What does a gentleman keep in his inside breast pocket? If you’re Olivier Krug, sixth generation director of Krug Champagne, the answer is a Berluti wallet containing a well-thumbed passport and a piece of paper detailing the formula of every Krug Grande Cuvée for the past 20 years.
This little aide-memoire is necessary because Krug Grande Cuvée is one of the most complex, mercurial, multi-vintage champagnes (call it “non-vintage” at your peril) on the market. Virtually every edition of this prestige cuvée is made up of more than 150 components, including wines from the current year, as well as more mature stocks from Krug’s library of more than 150 reserve wines. Every year, Krug Grande Cuvée is recreated from scratch. And every year, it’s slightly different.

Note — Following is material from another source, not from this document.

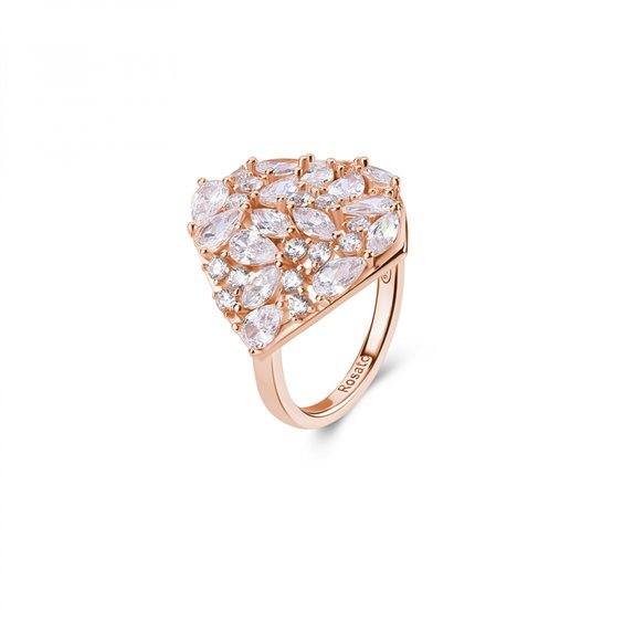 Anello in argento 925‰, placcatura oro rosa, 33 cubic zirconia bianchi
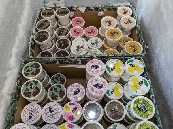 ナチュラルアイスの種類は豊富です。パッケージがおさるさんとその素材にあったデザインがキュートです!おっと、どんどんお客様が増えてきました。るなるなも並びます!

Not long ago, I had the pleasure of scrutinising these differences up close in a private tasting at the newly renovated Krug House in Reims. Seated in a room overlooking the terrace, where Olivier Krug played as a child, I tasted a trio of Grandes Cuvées based on three different years: 2003 (a notoriously hot year); 2002 (probably the most celebrated champagne vintage this side of 2000); and 2001, a vintage Krug freely acknowledges was “atrocious”.
Krug’s imposing architecture was there in all of them, yet the differences were pronounced. The cuvée based on 2003 was fleshy and fruity; the one based on 2002 much more heavyweight, with creamy, toasty power. The third Grande Cuvée should, by rights, have been a shocker, but a combination of skilful blending and the passage of time had given it a mellow grandeur that was incredibly alluring. Even Olivier Krug admits this one took them by surprise.
“Some vintages are good, some vintages are bad, but even the greatest years don’t have everything,” he muses. “And that’s why Joseph Krug had the dream of creating Grande Cuvée: he wanted to produce a wine that was the fullest expression of champagne –everything, every year.”
The former finance controller admits he is “obsessed” by details. “I said I would arrive at 12.09pm today, and what time did I arrive?” he asks me with glee, over lunch. “12.09pm exactly!”
But a head for figures is not necessary to appreciate Krug: latterly, every Grande Cuvée has been distinguished by an edition number on the front label, as well as an ID number on the back, allowing one to access the details of each blend on Krug’s website. Such transparency is rare in champagne, and it’s catnip to serious Krugistes.
Of course, Krug does vintage too. By the time you read this, it will have just released the 2004. But if you want to go behind the scenes of this famous house, Krug Grande Cuvée is a fine place to start.